Data provided ->
+ + + + + + +

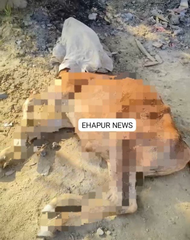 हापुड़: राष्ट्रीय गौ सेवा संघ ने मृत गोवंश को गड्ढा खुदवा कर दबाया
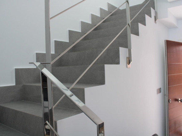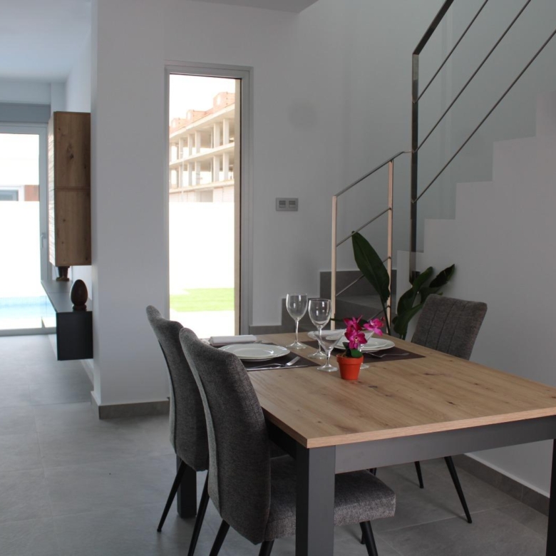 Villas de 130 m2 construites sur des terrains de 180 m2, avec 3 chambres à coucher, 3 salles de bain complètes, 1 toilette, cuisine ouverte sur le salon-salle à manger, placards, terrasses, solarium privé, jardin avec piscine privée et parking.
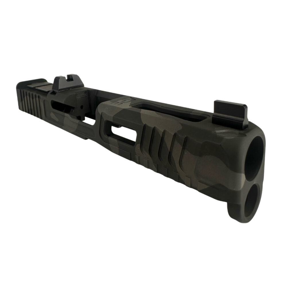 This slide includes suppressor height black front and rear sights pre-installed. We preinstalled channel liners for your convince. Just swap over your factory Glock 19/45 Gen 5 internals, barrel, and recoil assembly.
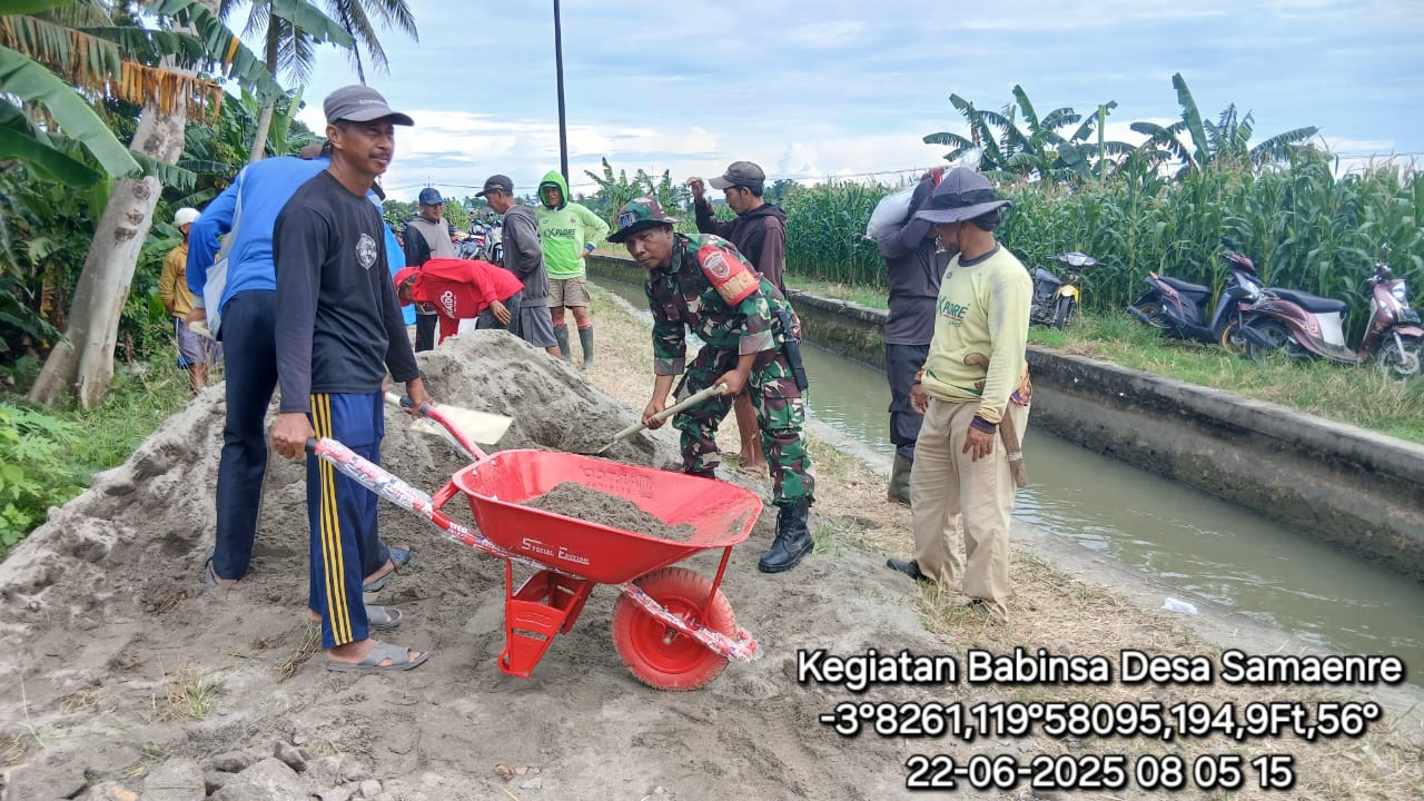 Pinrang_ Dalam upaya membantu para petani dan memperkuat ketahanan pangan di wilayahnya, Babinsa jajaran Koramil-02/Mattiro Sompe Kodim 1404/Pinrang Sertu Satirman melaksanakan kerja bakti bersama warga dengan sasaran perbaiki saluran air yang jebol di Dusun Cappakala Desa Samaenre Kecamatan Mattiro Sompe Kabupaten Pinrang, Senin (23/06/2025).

+ + + + + + +

To do -> Since the pictures are not wanted, write out the rest of the data exactly as it reads.

Written reply ->
 हापुड़: राष्ट्रीय गौ सेवा संघ ने मृत गोवंश को गड्ढा खुदवा कर दबाया
 Villas de 130 m2 construites sur des terrains de 180 m2, avec 3 chambres à coucher, 3 salles de bain complètes, 1 toilette, cuisine ouverte sur le salon-salle à manger, placards, terrasses, solarium privé, jardin avec piscine privée et parking.
 This slide includes suppressor height black front and rear sights pre-installed. We preinstalled channel liners for your convince. Just swap over your factory Glock 19/45 Gen 5 internals, barrel, and recoil assembly.
 Pinrang_ Dalam upaya membantu para petani dan memperkuat ketahanan pangan di wilayahnya, Babinsa jajaran Koramil-02/Mattiro Sompe Kodim 1404/Pinrang Sertu Satirman melaksanakan kerja bakti bersama warga dengan sasaran perbaiki saluran air yang jebol di Dusun Cappakala Desa Samaenre Kecamatan Mattiro Sompe Kabupaten Pinrang, Senin (23/06/2025).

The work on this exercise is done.